The commercial production of nitric acid involves the following chemical reactions: $$ \begin{aligned} 4 \mathrm{NH}_{3}(g)+5 \mathrm{O}_{2}(g) & \longrightarrow 4 \mathrm{NO}(g)+6 \mathrm{H}_{2} \mathrm{O}(g) \\ 2 \mathrm{NO}(g)+\mathrm{O}_{2}(g) & \longrightarrow 2 \mathrm{NO}_{2}(g) \\ 3 \mathrm{NO}_{2}(g)+\mathrm{H}_{2} \mathrm{O}(l) & \longrightarrow 2 \mathrm{HNO}_{3}(a q)+\mathrm{NO}(g) \end{aligned} $$ (a) Which of these reactions are redox reactions? (b) In each redox reaction identify the element undergoing oxidation and the element undergoing reduction. (c) How many grams of ammonia must you start with to make $1000.0 \mathrm{~L}\( of a \)0.150 \mathrm{M}$ aqueous solution of nitric acid? Assume all the reactions give \(100 \%\) yield.

To identify redox reactions, we'll look at the oxidation states of each element in reactants and products. If the oxidation state changes, then the reaction is a redox reaction. To determine the oxidation states, remember that hydrogen has oxidation state +1, oxygen has oxidation state -2, and the oxidative state of nitrogen varies. For the first reaction: \[4NH_3(g)+5O_2(g) \longrightarrow 4NO(g)+6H_2O(g)\] Oxidation states (initial and final) are: N: -3 to +2 H: +1 (stays constant) O: 0 to -2 For the second reaction: \[2NO(g)+O_2(g) \longrightarrow 2NO_2(g)\] Oxidation states (initial and final) are: N: +2 to +4 O: 0 to -2 For the third reaction: \[3NO_2(g)+H_2O(l) \longrightarrow 2HNO_3(aq)+NO(g)\] Oxidation states (initial and final) are: N: +4 to +5 O: -2 (stays constant) H: +1 (stays constant) As there are changes in oxidation states for all three reactions, all three are redox reactions.

Based on the oxidation state changes from Step 1, we can determine which elements are undergoing oxidation (increase in oxidation state) and reduction (decrease in oxidation state): For the first reaction: Oxidation: Nitrogen (N) - going from -3 to +2 Reduction: Oxygen (O) - going from 0 to -2 For the second reaction: Oxidation: Nitrogen (N) - going from +2 to +4 Reduction: Oxygen (O) - going from 0 to -2 For the third reaction: Oxidation: Nitrogen (N) - going from +4 to +5 Reduction: None, since no elements decrease in oxidation state.

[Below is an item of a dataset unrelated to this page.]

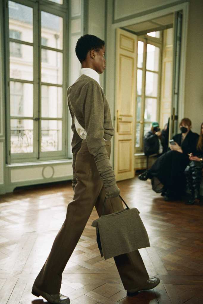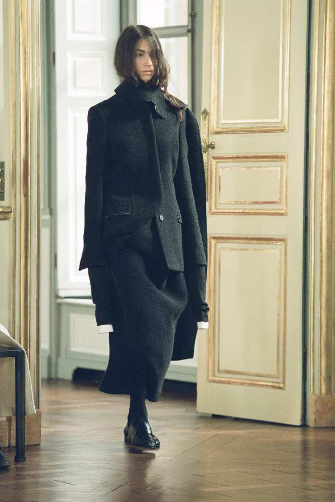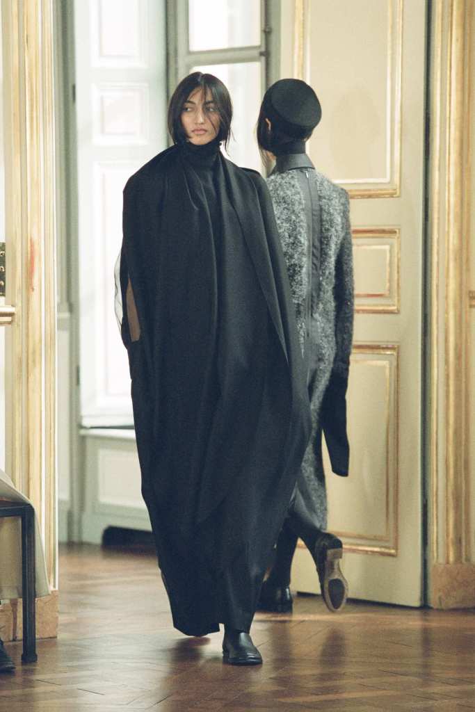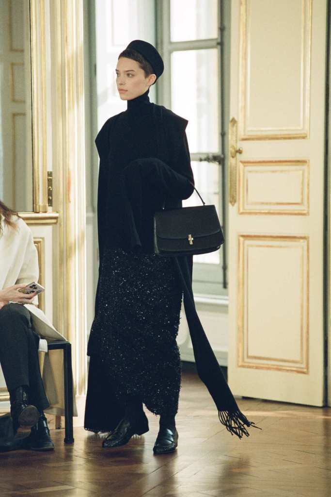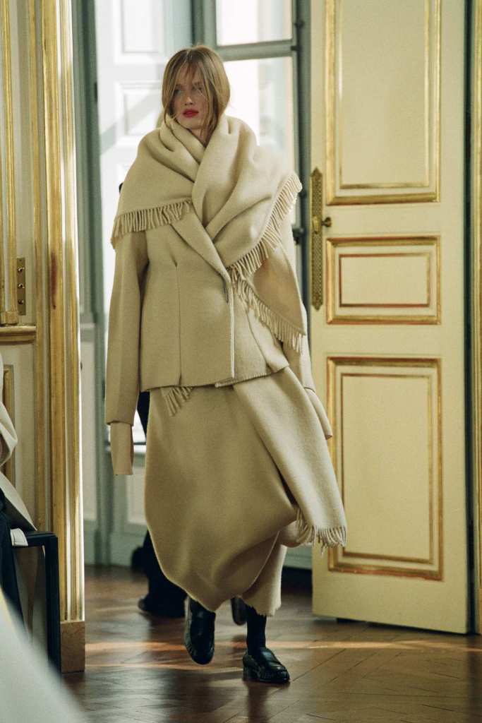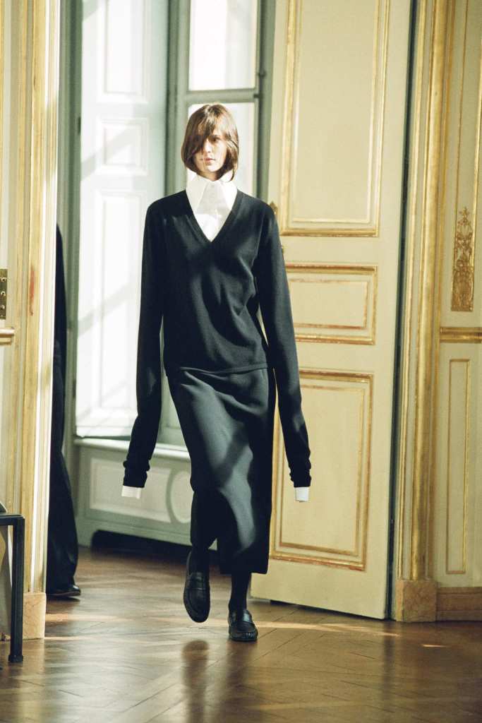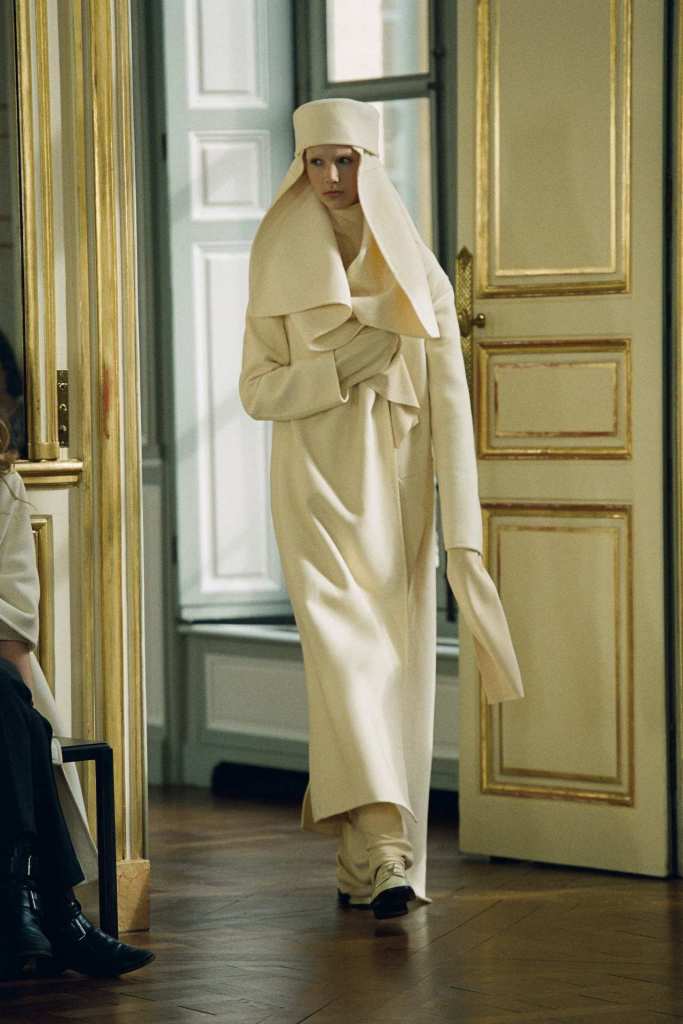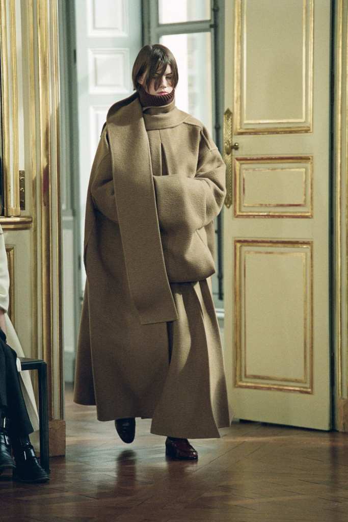 Super long sleeves, dramatic pointy collars, luscious wool, softy tailored knits, strapless gowns and layered trenches were just some moments of note. All in neutrals with immaculate styling this collection has pieces one would cherish for a lifetime. A subtle sense of American comfort & style paired with the chicness of European luxury. Supremely rich fabrics and sophisticated silhouettes bring an avant-garde chic The Row has pioneered. The accessories were timeless leather loafers, statement hats and some very vintage-looking classic bags. A collection defining dramatic minimalism; a testament to the Ashley and Mary-Kate chic aesthetic.

To find the amount of ammonia needed to produce 1000.0 L of a 0.150 M aqueous solution of nitric acid, first, we need to find the number of moles of nitric acid in this solution: Moles of \(HNO_3\) = Molarity × Volume Moles of \(HNO_3\) = \(0.150\, mol/L \times 1000.0\, L = 150.0\, mol\) Now, look at the balanced equation of the first and third reaction: Reaction 1: \(4NH_3 + 5O_2 \longrightarrow 4NO + 6H_2O\) Reaction 3: \(3NO_2 + H_2O \longrightarrow 2HNO_3 + NO\) Since all reactions have 100% yield, we can calculate the moles of ammonia needed for 150.0 moles of \(HNO_3\). From Reaction 3, we can see that 2 moles of \(HNO_3\) are produced from 1 mole of NO. From Reaction 1, we can see that 4 moles of NO are produced from 4 moles of \(NH_3\). Thus, we can find the moles of ammonia (\(NH_3\)) needed: Moles of \(NH_3 = \frac{moles \, of \, HNO_3}{2} \times 4 = 150.0\, mol \times 2 = 300.0\, mol\) Finally, convert moles of ammonia to grams using the molar mass of ammonia (17.03 g/mol): Mass of \(NH_3 =\) moles of \(NH_3 \times\) molar mass of \(NH_3\) Mass of \(NH_3 = 300.0\, mol \times 17.03\, g/mol = 5109\, g\) Thus, 5109 grams of ammonia are needed to make 1000.0 L of a 0.150 M aqueous solution of nitric acid assuming 100% yield.